I'm also sure that slave owners in the Southern US probably had similar examples to give and back in the days could justify it as being more normal and less harsh than it is depicted as today.

I don't take the position, of say the PC atheists, on their critique of Islam, and am open to hearing the justifications of certain Islamic practices that seem alien to our modern day world, but with critical analysis as well.
Reply

ardianto
01-28-2015, 02:05 PM
Originally Posted by gurufabbes
The question is, when Muslims are the majority, how do they treat their other subjects in practice?
In one conversation my Christian neighbor told me that she is worry about radical Muslims. But she also grateful because she lives among tolerant Muslims. I understand if she feel like that because I feel like her too. I am worry about radical Muslims, but I am grateful because mostly Muslims in my place are tolerant and peaceful.

I live in Indonesia, a country where around 85% of citizens are Muslims. And Islam is one of six official religions, The five other are Christianity (Protestant), Catholic, Balinese Hindu, Buddhism, and Confucianism. Every official religions has religious holidays that become national holiday.

Of course, inter religious conflict sometime happen. But you can also find many examples of religious tolerance. In Muslim majority regions in Indonesia you will not find "Christian area" or "Buddhist area" like Muslim area in London.
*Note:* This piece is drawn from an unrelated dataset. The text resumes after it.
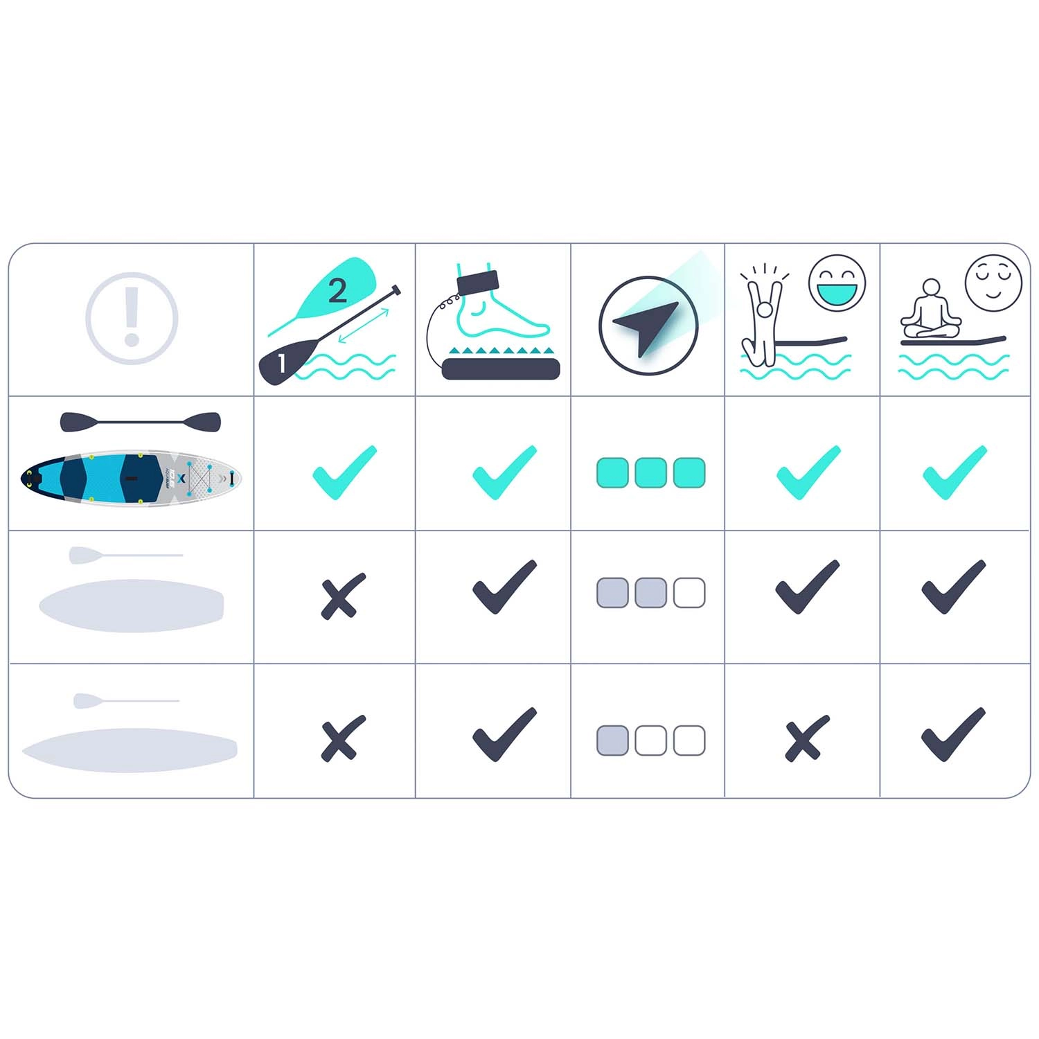 - Forme all‑round stable – rassurante pour l’apprentissage, les balades et les petites vagues.

It's because those non-Muslims choose to live among Muslims, and they are safe.

So, if Muslims are majority, would non-Muslims persecuted?. It's not depend on how much the Muslims are. But depend on how tolerant those Muslims.
Reply

InToTheRain
01-30-2015, 10:57 PM
Originally Posted by gurufabbes
Sorry for the late reply
Me too. No need to apologise seeing as I usually take just as long if not longer to respond at times :D

Originally Posted by gurufabbes
The question I would have is whether a society under modern day forms of Sharia law is compatible with this. And there are numerous reasons to question that:
Saudi Arabia, Iran (not the Jews), the ISIS controlled areas...
ISIS have been condemned by Muslim scholars from around the world. They have no more in common with Islam then LRA has with Christianity.

Originally Posted by gurufabbes
And this not even mentioning the shrinking minorities in many of these countries.
The question is, when Muslims are the majority, how do they treat their other subjects in practice?
Also, when Muslims become growing minorities in the West, does friction increase?
I am not sure about the shrinking of minorities you are referring to and which countries they are. I think Brother Ardi above made some good points. There are lot of dynamics at play but Muslims aren't taught to disrespect others for their beliefs.

We have been slowly pushing the boundaries of what we regard as tolerant as time goes on. Maybe what's changing is the people and the environment and Muslims due to their belief cannot encourage changes that go against their beliefs as it's considered sinful however this does not mean we should disrespect or hate those individuals. Hate the Sin and not the sinner. However if that sinner then becomes a beacon in leading the way for those sins than I guess that's a different ball game.
I would say Muslims as a whole will never compromise or adapt to secularism as other religions have. But I don't think this is intolerance and more to do with Belief of the Muslims.

It's important to note that much of the friction that exists between Muslims and Non-Muslims is not due to religion but more due to political differences or injustices. For example the tragic death of Lee Rigby was mostly politically motivated. The killers chanted "you do this to our Brothers and Sisters over there we do this here".

Allah Most High didn't create us to enforce Shairah Law but to worship Him. If enforcing Shariah Law was so important then why did Mohammad(SAW) allow the Jews and Christians in Madinah to implement the laws of their scriptures instead of Shariah Law? Laws are made to help the people; if they do not accept it then the burden is theirs to bear for the corruption that ensues. However Even if the whole world implemented Shariah Law it would be pointless if Allah Most High is not worshiped as shown by Mohammad(SAW).